Your assignment
Copy each line of the data below exactly, leaving out pictures.
Dataset excerpt Start Marker
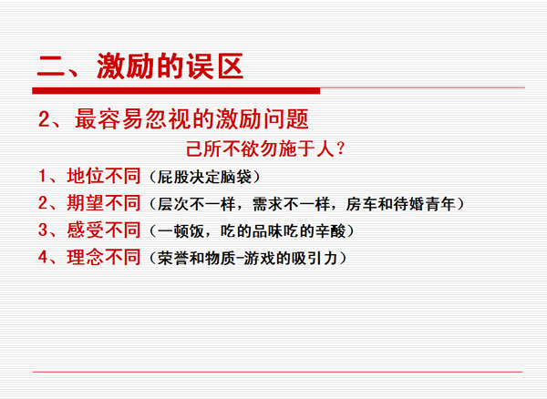 期望過高式的激勵——個(gè)人訴求不一樣的時(shí)候就必須考慮為什么己所不欲勿施于人。
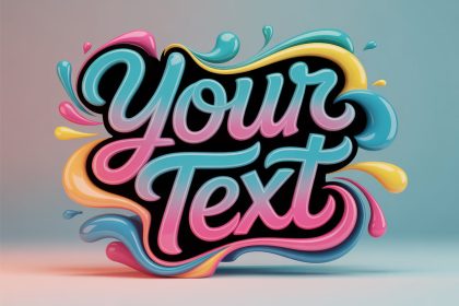 Main Prompt A vibrant 3D render showcases the multicolored letters "YOUR TEXT"…
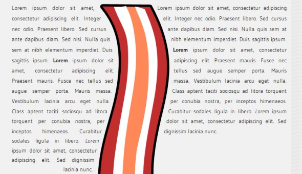 В отличии верхнего плагина, который используется для заголовков, Bacon используется в основном для работы с основным текстом. Плагин имеет смешное название и очень хорошие возможности. Он позволяет тексту обтекать кривую Безье.
Dataset excerpt End Marker
Result of this exercise
 期望過高式的激勵——個(gè)人訴求不一樣的時(shí)候就必須考慮為什么己所不欲勿施于人。
 Main Prompt A vibrant 3D render showcases the multicolored letters "YOUR TEXT"…
 В отличии верхнего плагина, который используется для заголовков, Bacon используется в основном для работы с основным текстом. Плагин имеет смешное название и очень хорошие возможности. Он позволяет тексту обтекать кривую Безье.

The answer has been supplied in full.